*** Opening of EXERCISE MATERIAL ***

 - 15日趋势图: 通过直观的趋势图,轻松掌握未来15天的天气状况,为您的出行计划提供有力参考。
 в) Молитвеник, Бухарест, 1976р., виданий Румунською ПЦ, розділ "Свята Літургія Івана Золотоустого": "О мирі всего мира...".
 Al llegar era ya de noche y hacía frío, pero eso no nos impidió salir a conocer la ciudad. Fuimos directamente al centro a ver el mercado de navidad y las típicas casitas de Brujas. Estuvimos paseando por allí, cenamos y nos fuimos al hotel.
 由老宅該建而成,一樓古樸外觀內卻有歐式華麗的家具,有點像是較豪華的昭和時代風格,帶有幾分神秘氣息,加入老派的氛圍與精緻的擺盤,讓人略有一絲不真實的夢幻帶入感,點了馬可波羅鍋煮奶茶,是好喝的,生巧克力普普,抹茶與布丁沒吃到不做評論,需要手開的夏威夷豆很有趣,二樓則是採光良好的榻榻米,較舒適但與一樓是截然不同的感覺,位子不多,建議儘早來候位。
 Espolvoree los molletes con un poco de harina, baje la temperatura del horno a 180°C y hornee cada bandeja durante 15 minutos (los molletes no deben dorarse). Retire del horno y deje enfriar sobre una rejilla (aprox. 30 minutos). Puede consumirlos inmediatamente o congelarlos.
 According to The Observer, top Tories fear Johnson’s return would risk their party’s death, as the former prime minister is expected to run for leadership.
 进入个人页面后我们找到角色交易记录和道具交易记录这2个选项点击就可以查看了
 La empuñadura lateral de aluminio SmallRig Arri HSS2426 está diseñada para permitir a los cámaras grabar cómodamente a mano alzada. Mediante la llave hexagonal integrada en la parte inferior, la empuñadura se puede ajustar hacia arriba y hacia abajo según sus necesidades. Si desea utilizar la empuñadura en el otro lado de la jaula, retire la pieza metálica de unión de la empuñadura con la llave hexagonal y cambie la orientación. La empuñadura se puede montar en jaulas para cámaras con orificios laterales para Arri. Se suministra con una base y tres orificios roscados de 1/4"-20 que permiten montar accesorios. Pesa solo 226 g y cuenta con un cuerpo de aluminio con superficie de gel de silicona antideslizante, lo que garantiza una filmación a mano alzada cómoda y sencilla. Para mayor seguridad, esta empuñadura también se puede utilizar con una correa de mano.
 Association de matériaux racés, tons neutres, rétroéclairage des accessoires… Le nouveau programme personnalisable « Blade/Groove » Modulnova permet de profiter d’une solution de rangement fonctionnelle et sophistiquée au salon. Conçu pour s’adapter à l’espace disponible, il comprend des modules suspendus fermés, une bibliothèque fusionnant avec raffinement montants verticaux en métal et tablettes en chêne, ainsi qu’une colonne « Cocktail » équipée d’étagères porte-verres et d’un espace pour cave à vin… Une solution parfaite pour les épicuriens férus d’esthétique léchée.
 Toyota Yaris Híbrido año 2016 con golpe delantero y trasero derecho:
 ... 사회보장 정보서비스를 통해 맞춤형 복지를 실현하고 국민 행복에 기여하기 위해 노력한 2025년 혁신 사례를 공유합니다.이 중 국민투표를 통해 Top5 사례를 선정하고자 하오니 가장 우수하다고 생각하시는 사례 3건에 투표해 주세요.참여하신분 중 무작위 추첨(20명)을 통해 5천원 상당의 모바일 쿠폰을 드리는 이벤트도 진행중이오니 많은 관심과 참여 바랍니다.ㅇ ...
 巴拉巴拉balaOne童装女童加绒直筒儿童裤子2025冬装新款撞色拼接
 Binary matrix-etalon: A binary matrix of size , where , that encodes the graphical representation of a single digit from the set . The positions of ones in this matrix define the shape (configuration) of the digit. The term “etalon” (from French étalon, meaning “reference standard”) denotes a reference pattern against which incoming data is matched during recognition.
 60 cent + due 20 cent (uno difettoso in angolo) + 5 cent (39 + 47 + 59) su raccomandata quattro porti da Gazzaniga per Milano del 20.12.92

*** Close of EXERCISE MATERIAL ***

#### GOAL OF THE EXERCISE
Please copy the lines above from the line with "Espolvoree los molletes" up to and including the line with "Toyota Yaris Híbrido", exactly as written and with nothing else.

#### ANSWER TO THIS EXERCISE
 Espolvoree los molletes con un poco de harina, baje la temperatura del horno a 180°C y hornee cada bandeja durante 15 minutos (los molletes no deben dorarse). Retire del horno y deje enfriar sobre una rejilla (aprox. 30 minutos). Puede consumirlos inmediatamente o congelarlos.
 According to The Observer, top Tories fear Johnson’s return would risk their party’s death, as the former prime minister is expected to run for leadership.
 进入个人页面后我们找到角色交易记录和道具交易记录这2个选项点击就可以查看了
 La empuñadura lateral de aluminio SmallRig Arri HSS2426 está diseñada para permitir a los cámaras grabar cómodamente a mano alzada. Mediante la llave hexagonal integrada en la parte inferior, la empuñadura se puede ajustar hacia arriba y hacia abajo según sus necesidades. Si desea utilizar la empuñadura en el otro lado de la jaula, retire la pieza metálica de unión de la empuñadura con la llave hexagonal y cambie la orientación. La empuñadura se puede montar en jaulas para cámaras con orificios laterales para Arri. Se suministra con una base y tres orificios roscados de 1/4"-20 que permiten montar accesorios. Pesa solo 226 g y cuenta con un cuerpo de aluminio con superficie de gel de silicona antideslizante, lo que garantiza una filmación a mano alzada cómoda y sencilla. Para mayor seguridad, esta empuñadura también se puede utilizar con una correa de mano.
 Association de matériaux racés, tons neutres, rétroéclairage des accessoires… Le nouveau programme personnalisable « Blade/Groove » Modulnova permet de profiter d’une solution de rangement fonctionnelle et sophistiquée au salon. Conçu pour s’adapter à l’espace disponible, il comprend des modules suspendus fermés, une bibliothèque fusionnant avec raffinement montants verticaux en métal et tablettes en chêne, ainsi qu’une colonne « Cocktail » équipée d’étagères porte-verres et d’un espace pour cave à vin… Une solution parfaite pour les épicuriens férus d’esthétique léchée.
 Toyota Yaris Híbrido año 2016 con golpe delantero y trasero derecho:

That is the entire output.